Loved this. ^.^ I laughed while completely following your philosophy.


----------



## DLG (Feb 11, 2016)

pretty perfect for this style. 

my only minor complaint is that the keyboard player's solo chops are not up to par with Christian's.

Throw in a guy like Richard Andersson (Time Requiem) on keys and it would be perfect 

Ian sounds awesome as expected.


----------



## Rosal76 (Feb 24, 2016)

Hey guys, Christian posted a new Youtube playthrough for one of his songs off of his Beyond the Wall of Sleep album.


----------



## chopeth (Feb 24, 2016)

Rosal76 said:


> Hey guys, Christian posted a new Youtube playthrough for one of his songs off of his Beyond the Wall of Sleep album.

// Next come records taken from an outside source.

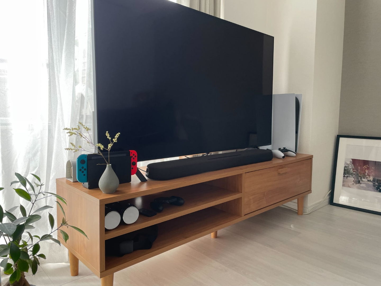 「テレビ:MTGがない日はこちらでBGMを流しながら作業しています。お祝いでもらったスピーカーを使っており、音質が良くリラックスしながら作業できます」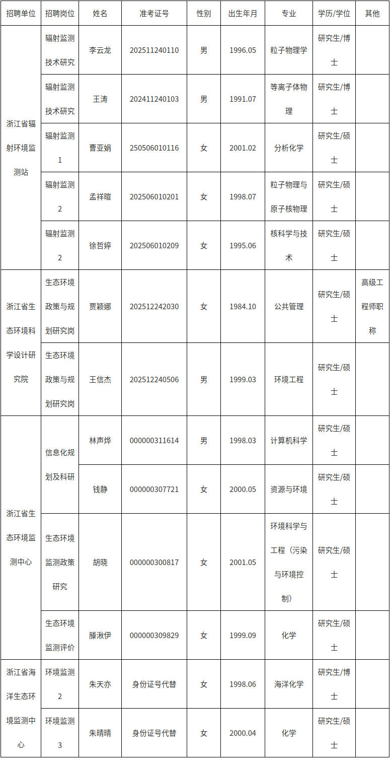 根据2025年3月18日《浙江省省属事业单位2025年上半年集中公开招聘人员公告》和4月18日《浙江省生态环境厅关于部分直属事业单位公开招聘人员的公告(2025年第二批)》,经报名、资格审查、面试、体检和考察,现确定下列人员为我单位拟聘用人员并公示如下: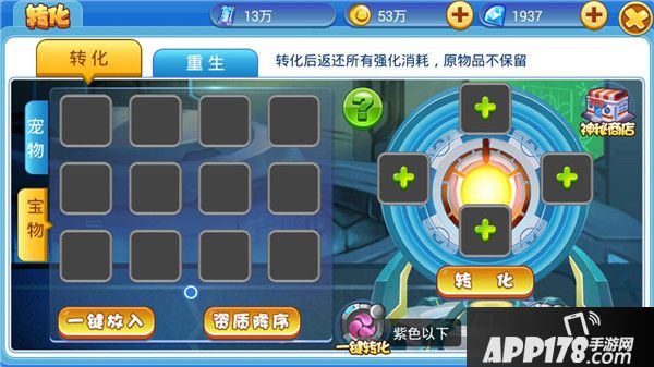 右下方的已将转化(紫色以下)按钮使用后可以将紫色以下不包括紫色品质的宝物一键全部转换掉,旁边的已将转化(橙色以下)按钮一样,可以将橙色以下不包括橙色品质的宝物一键全部转换掉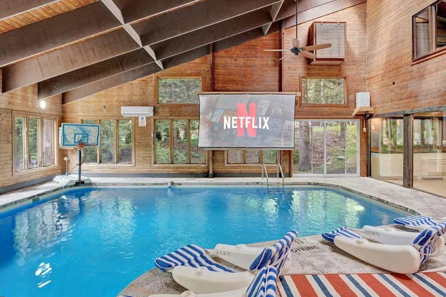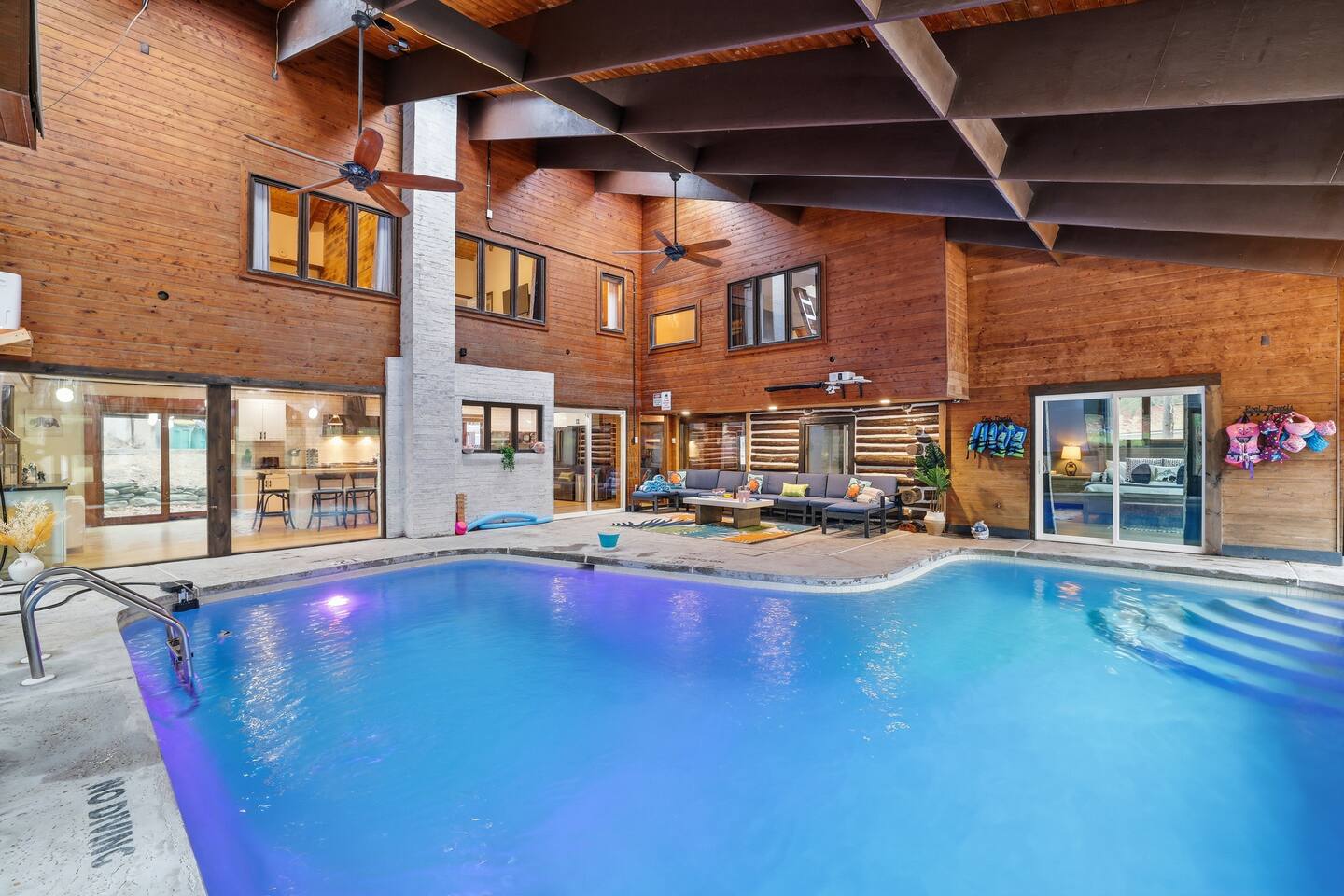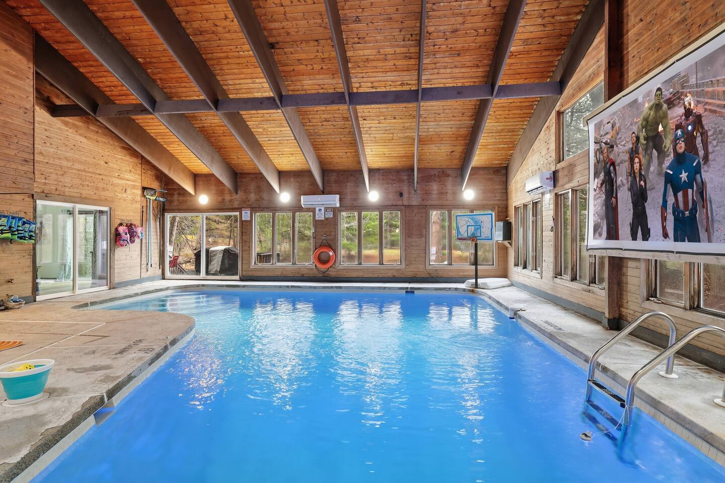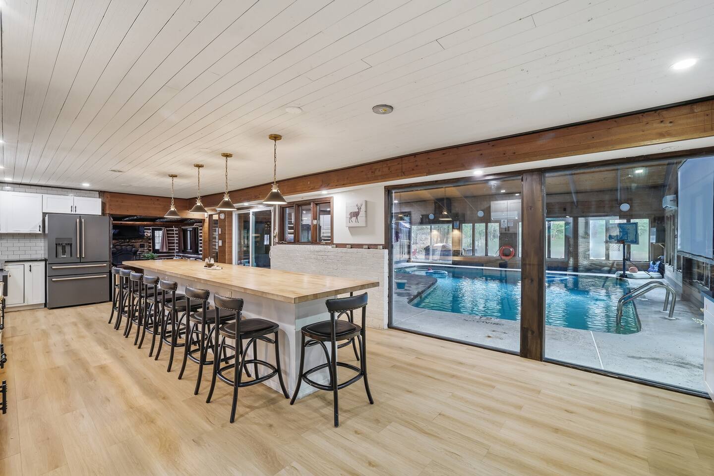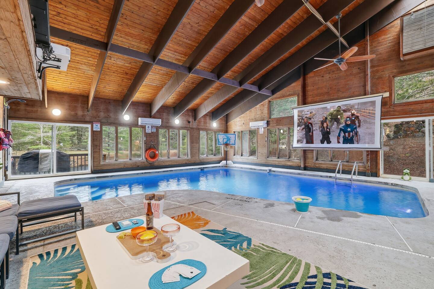 The Space The Rustic River Escape! KEY FEATURES: ☀ 6 bedrooms (perfect for large groups & families) ☀ 3 full bathrooms ☀ Fully Equipped Beautiful Kitchen with a large island for eating. ☀ Indoor Heated Pool with streaming projector ☀ Waterfront with large outdoor picnic table ☀ Outdoor Hot Tub ☀ Fire pit with Adirondack chairs ☀ BBQ ☀Pet Friendly ALL YEAR FUN *Great Wolf Lodge Indoor Water Park *Camelback Mountain Resort *Kalahari Resorts & Conventions Poconos *Delaware Water Gap National Recreation Area * Bushkill Creek *Mountain creek riding stables LAKE AND NATURE *Bushkill Creek *Delaware Water Gap National Recreation Area * Appalachian Trail access points - Hiking, biking, ATV trails - Skiing & snowboarding nearby in winter - Wildlife spotting (deer, turkey, occasional black bear) WINTER FUN *Shawnee Mountain Ski Area *Camelback Mountain Resort *Blue Mountain Resort *Jack Frost Ski Resort ☆☆ BEDROOM ☆☆ Level 2 Bedroom 1: King bed Bedroom 2: King bed Bedroom 3: 3 Twin beds Bedroom 4: 2 Twin beds Level 1 Bedroom 5: King bed Bedroom 6: Full bed ☆☆BATHROOMS☆☆ There are 3 full bathrooms stocked with all the essentials you need for the duration of your stay. ☆☆KITCHEN AND DINING☆☆ The kitchen is fully equipped with all appliances, utensils, and cookware you need to feel right at home. It also features a 16 seat dining table to enjoy meals with your family or friends. ☆☆LIVING ROOM☆☆ Our rustic living space where timeless cabin charm meets modern comfort. Soaring cathedral ceilings with exposed wood beams and skylights flood the room with natural light, while a stunning stone fireplace anchors the space for cozy evenings. Relax on the oversized leather sectional or gather with friends around the coffee table as your favorite shows play on the large smart TV. Direct access to the lake from the living room and make sure you also Make a wish on our wish tree! ☆☆LAUNDRY SPACE☆☆ Washer/dryer is accessible in the home. ☆☆POOL☆☆ ☀ 1,500+ sq ft private natatorium ☀ Heated saltwater L-shaped pool ☀ Natural light + creek-facing windows ☀ Space to swim, relax, or watch movies poolside ☆☆ OUTSIDE SPACE☆☆ ☀ 150+ ft direct Bushkill Creek frontage ☀ Mountain and water views in every direction ☀ Covered hot tub gazebo ☀ Picnic table and open yard for games & exploring ☀ BBQ ⭐⭐PROFESSIONALLY MANAGED⭐⭐ This home is managed by a luxury Pocono hospitality team dedicated to delivering 5-star stays and seamless guest experiences.

Saw it yesterday and made me think why would I be so stupid to buy his book considering my skills. Later I found out it's obviously because I admire the guy and still want him to support his wonderful music, and in the end, some ideas would probably creep into my playing, but man, watching his clean and effortless performance still makes me wonder if I'll ever play 50% as well as him regardless the efforts put on it.


----------



## Rosal76 (Feb 24, 2016)

chopeth said:


> ... but man, watching his clean and effortless performance still makes me wonder if I'll ever play 50% as well as him regardless the efforts put on it.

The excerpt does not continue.